As evident from this highly unscientific test, the common wisdom that mean imputation is just as good is not necessarily true. Even with this overkill of a model, KNN imputed data performs significantly better than mean imputed data(0.8701 - epoch 396 vs 0.7987 - epoch 324 in this run)

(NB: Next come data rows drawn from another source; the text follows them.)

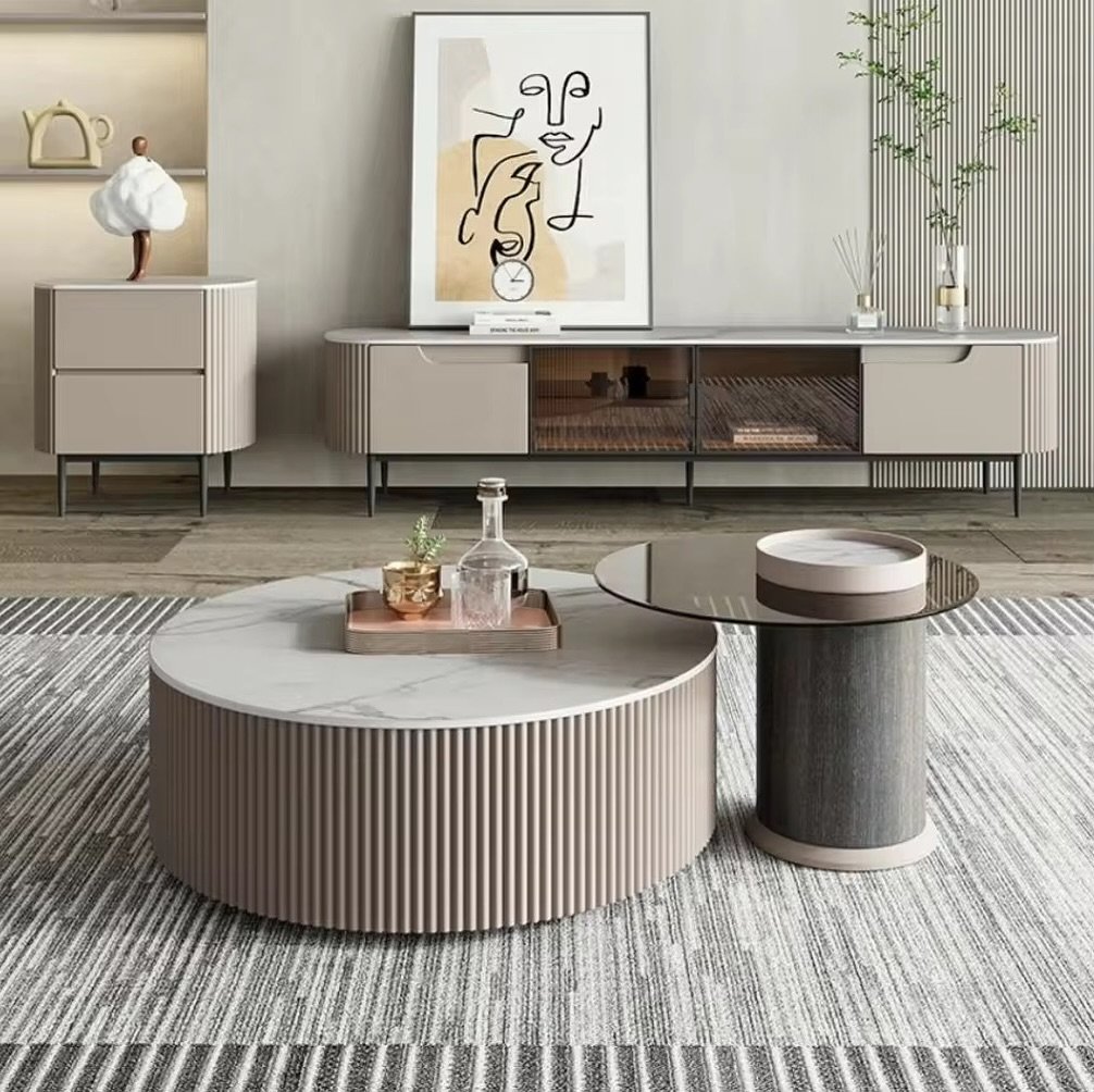 This setup is giving me serious design envy! That round coffee table with the fluted base is absolutely stunning – it’s like sculptural art that happens to hold your stuff.
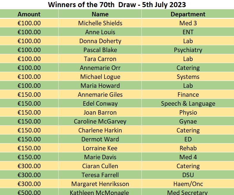 Congratulations to all of the winners of our draw for July 2023. Just to let everyone know that the winners may contact Bernie McGinty at ext -3508 or bernie.mcginty@hse.ie to collect their cheque. Posted by0860801074mJuly 6, 2023Posted inUncategorized Share this: Click to share on X (Opens in new window) X Click to share on Facebook (Opens in new window) Facebook Like Loading...
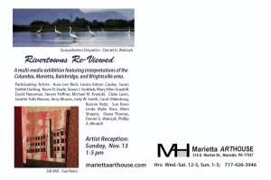 Sunday, Nov. 13, 1-5 Everyone is invited to come out and meet the artists. Awards will be presented at 2:00. Juror: Kim Bannister, well known regional artist, teacher and Curator of Exhibits at the Rose Lehrman Arts Center, Harrisburg Area Community College.
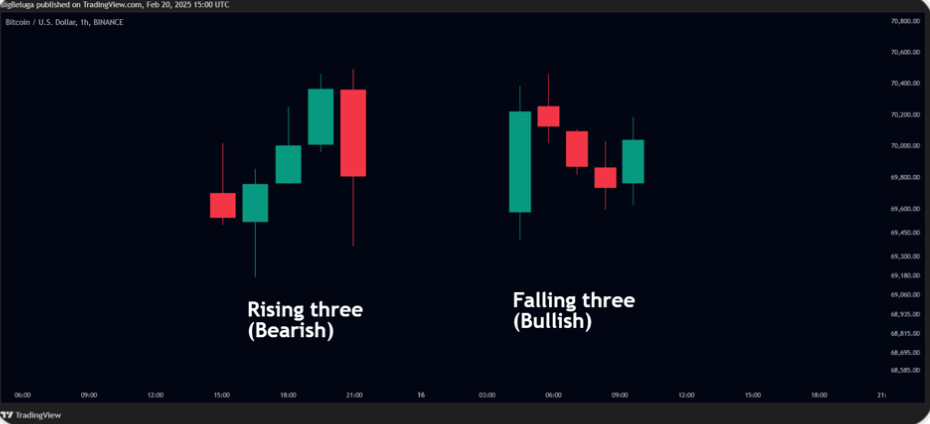 - A long bullish candle followed by three small bearish candles (temporary pullback), and another long bullish candle that confirms the uptrend.

Missing data is broadly classified into three categories: MCAR, MAR and MNAR. We show the abysmal performance of mean imputation and median imputation with a toy example. Next, we create an intuitive understanding of KNN imputation and write sample code for its implementation.

Finally, we apply the techniques to Pima Indian Diabetes set and use four different imputation strategies. We show the superiority of KNN imputation technique over other imputation strategies for both logistic regression and neural networks, discrediting a common belief about imputation techniques.